So, yesterday was the official kick-off of the Keep Portland Weird festival here in Paris, which meant that I had a reading/screening in the evening, while upstairs the first docket of bands played, including Street Nights, Michael Hurley, Rebecca Gates, and Stephen Malkmus and the Jicks. A great line-up.
The day started nicely. I woke up, blogged, and headed out onto the street, pondering the what and how of the night's reading. I had some good thoughts, walking along the Seine and staring at Notre Dame. I would talk about hot tubs, I decided. I just wrote a story that involves a hot tub, and the movie they were screening, Old Joy, based on an earlier story of mine, also has a hot tub. I could talk about the rise of hot tub culture on the West Coast, the suburbanization of the public bath, the idea of the hot tub as the site of middle-class debauchery, the very aporia (to throw around an old French theory word) of the Western bourgeois home. I could compare the hot tub to the American lawn, symbol of a lost agrarian past ? the hot tub as a symbol of our fantasied aboriginal roots. It would be funny. I had lots of ideas.
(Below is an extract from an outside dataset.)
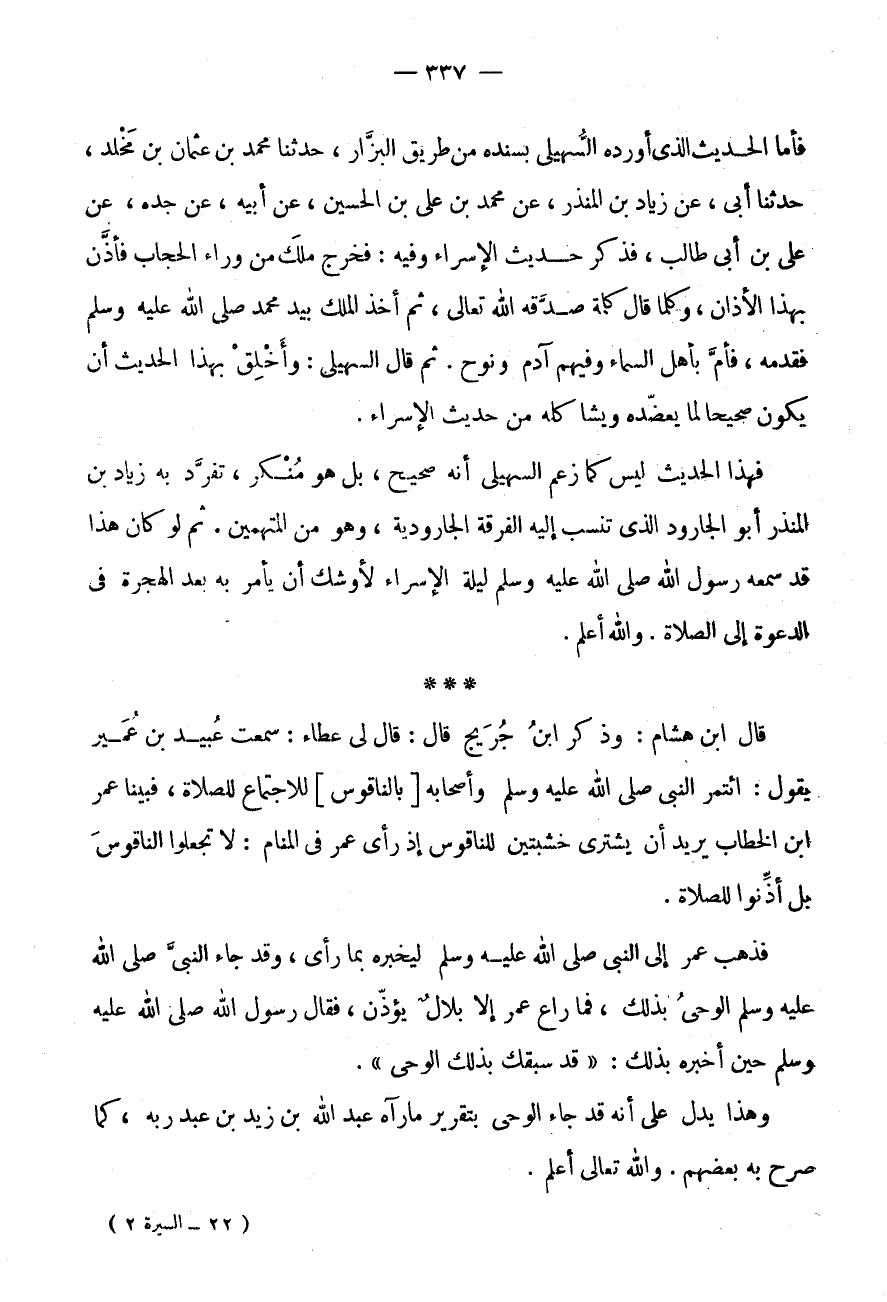 * * * قَالَ ابْنُ هِشَامٍ: وَذَكَرَ ابْنُ جُرَيْجٍ قَالَ: قَالَ لِي عَطَاءٌ: سَمِعْتُ عُبَيْدَ بْنَ عُمَيْرٍ يَقُولُ: ائْتَمَرَ النَّبِيُّ صَلَّى اللَّهُ عَلَيْهِ وَسَلَّمَ وَأَصْحَابُهُ [بِالنَّاقُوسِ] لِلِاجْتِمَاعِ لِلصَّلَاةِ، فَبَيْنَا عمر ابْن الْخَطَّابِ يُرِيدُ أَنْ يَشْتَرِيَ خَشَبَتَيْنِ لِلنَّاقُوسِ إِذْ رَأَى عُمَرُ فِي الْمَنَامِ: لَا تَجْعَلُوا النَّاقُوسَ بَلْ أَذِّنُوا لِلصَّلَاةِ.

It didn't entirely occur to me that the audience would not speak English. Or maybe it did, but I figured, what the hell, I've come this far, I'll read for the people who understand me and the others will just have to wait until the movie with subtitles begins. It was only when one of the festival organizers mentioned there probably wouldn't be that many people at all that I realized I might have to revise my plan.
Sure enough, about eight people showed up. Maybe 13 if you counted my musician friends. I had a moment of indecision about whether to go ahead and do my whole patter and read the whole story ? a commitment of at least half an hour or so ? or whether it would be better to just go short and get out of the way. In the end, perhaps cowardly, I went short. I read the first few pages of my new book and wished the audience a pleasant screening, and the musicians and I headed upstairs for the rock show, already in progress. Had it only been a reading, and had the audience spoken English, I would certainly have played it differently, but as it was, facing eight French-speaking people in a movie theater under the banner of a music festival, I forsook my duties of showmanship.
It was a disappointment, to be sure, but far from my worst reading experience. The worst reading I've ever had, quantitatively, was at a Barnes and Noble in Eugene, Oregon. Not a single person showed up for that one, unless you count my friend Todd who drove the hour and a half to keep me company. I got a nice note from one of the cashiers a few weeks later saying she'd read my book out of pity and really liked it.
The second worst reading was at Elliot Bay in Seattle. There were two people at that reading, both only trying to escape the rain. I didn't bother reading anything there, either, but I did engage the pair in a discussion about writing. I found out that the man in the hoodie waiting for his bus was an author himself. He'd been working on the same screenplay for almost 50 years.
So, whatever. I've had good readings along the way, too. It's hard to pity yourself too much when someone's flown you all the way to Paris to deliver a five-minute spiel. The way I see it is: you can only be humiliated if you have expectations.